Wage growth threatens further interest rate cuts this summer, hints ECB

However, Governing Council member Francois Villeroy de Galhau said the ECB should not rule out lowering borrowing costs at both its June and July meetings
Wage growth threatens further interest rate cuts this summer, hints ECB

The ECB is prepared to cut interest rates at its June 6 meeting, but policy must continue to be restrictive this year as wage growth will not normalise until 2026, said European Central Bank chief economist Philip Lane.

European Central Bank chief economist Philip Lane kept a lid on whether the regulator will implement further cuts after its meeting next week.

While speaking to the Financial Times, Mr Lane indicated policymakers continue to keep a sharp eye on wage growth across the eurozone, which continues to threaten the ECB’s inflation target of 2%.

The ECB is prepared to cut interest rates at its June 6 meeting, but policy must continue to be restrictive this year as wage growth will not normalise until 2026, Mr Lane said. 

Other officials are increasingly being asked what will happen after their planned quarter-point cut in the deposit rate next week.

Most are unwilling to even comment on the subsequent path given uncertainty over wage growth and factors like the fighting in the Middle East. 

Markets have rethought the three reductions they had been betting on in 2024 as recently as last week. They now fully price just two.

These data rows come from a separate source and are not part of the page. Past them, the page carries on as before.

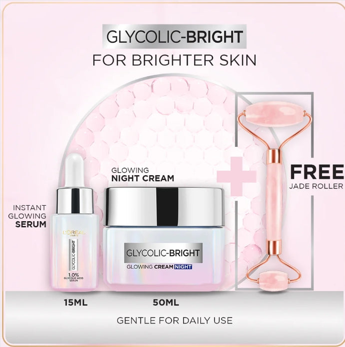 Bundle - L'Oreal Paris Glycolic Bright Instant Glowing Face Serum 15Ml + L'Oreal Paris Glycolic Bright Glowing Gel Night Cream 50ml with Free jade Roller
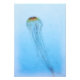 A watercolor painting of a jellyfish, with a colourful top, in the big, open, blue ocean.
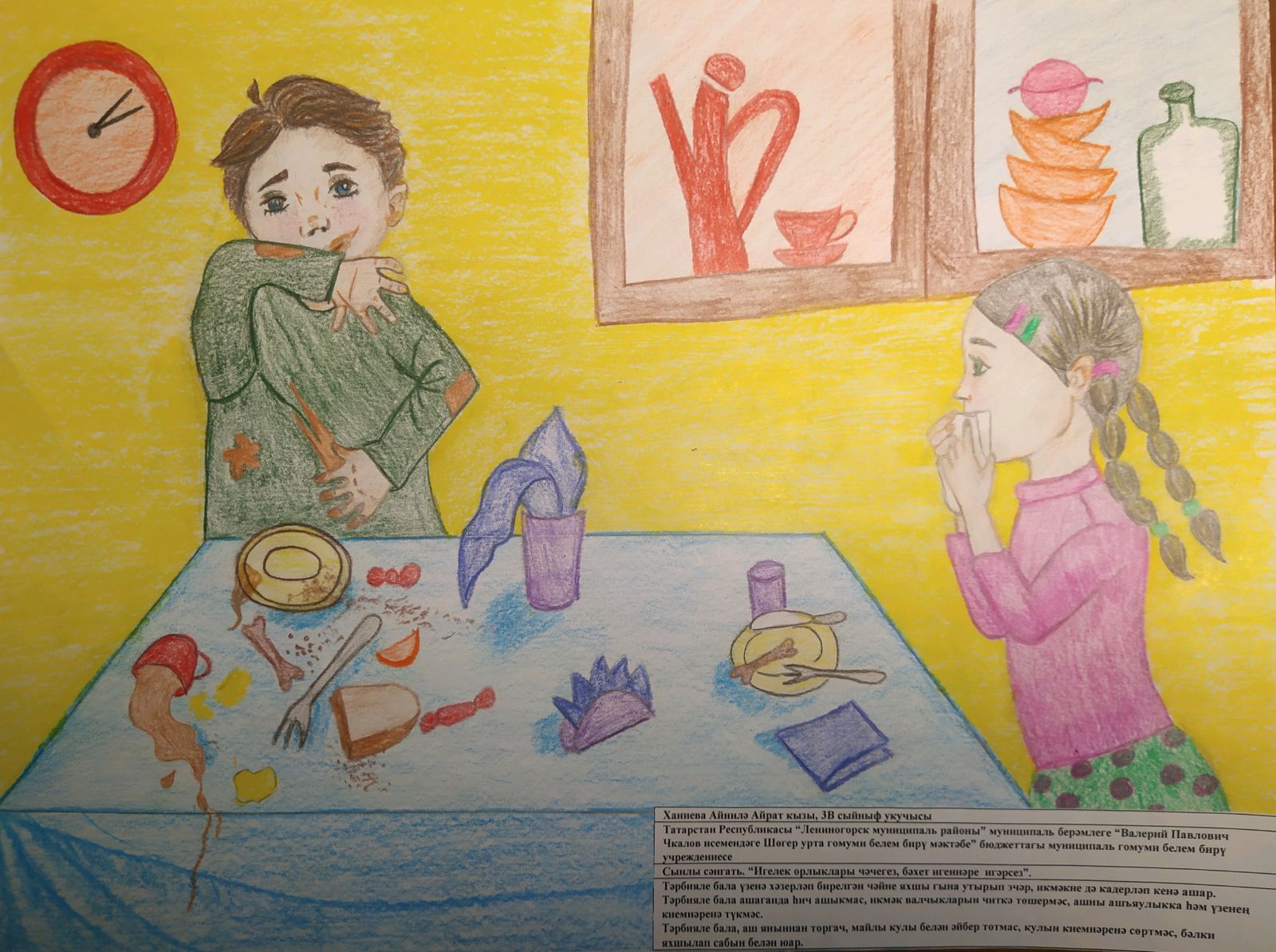 2. “Игелек орлыклары чәчегез, бәхет игеннәре игәрсез”.(”Тәрбияле бала” хезмәте буенча рәсем бәйгесе,1-4 нче сыйныф укучылары өчен). Әлеге юнәлештә 3В сыйныф укучысы Ханиева Айнилә 3 нче дәрәҗә Дипломына лаек булды(җитәкче Сабитова Р.Ш.).

However, Governing Council member Francois Villeroy de Galhau said the ECB should not rule out lowering borrowing costs at both its June and July meetings, pushing back against fellow monetary officials who are uncomfortable at the idea of consecutive cuts.

Mr Villeroy told Germany’s Boersen-Zeitung newspaper that he favours “maximum optionality” after next month’s “done deal” reduction in the deposit rate, which he said can only be derailed by a shock.

“I sometimes read that we should cut rates only once a quarter when new economic projections are available, and hence exclude July,” he said in the interview. “Why so, if we are meeting-by-meeting and data-driven? I don’t say that we should commit already on July, but let us keep our freedom on the timing and pace.” 

Mortgage rates

Meanwhile, tracker mortgage customers are set to get some relief next month as they are directly impacted by ECB rate decisions, but some brokers do not expect reductions will be immediately passed on to all mortgage customers.

Lenders in the retail banking market in the Republic have benefitted from a campaign of interest rate hikes introduced by the ECB but they may come under pressure to offer more attractive rates in the coming months as fresh competition enters the market and customers coming off fixed-rate contracts shop around.

Spanish financial service provider, Bankinter, which operates Avant Money, said it is applying for a full Irish banking licence and entering the deposit market.

Since the start of the year, there has been a frenzy of activity among lenders currently operating in the market to swell their loan books further.

AIB cut mortgage rates on its so-called ‘green’ offering across all its brands including EBS and Haven for customers with more energy-efficient homes while Bank of Ireland tweaked its similar offering.

Meanwhile, PTSB cut its four-year fixed-term mortgages for the second time since last December.

Recent figures from the Central Bank showed interest rates on new mortgage agreements crept up again in March to reach the highest level since 2017, but they may be close to hitting a peak amid changing conditions.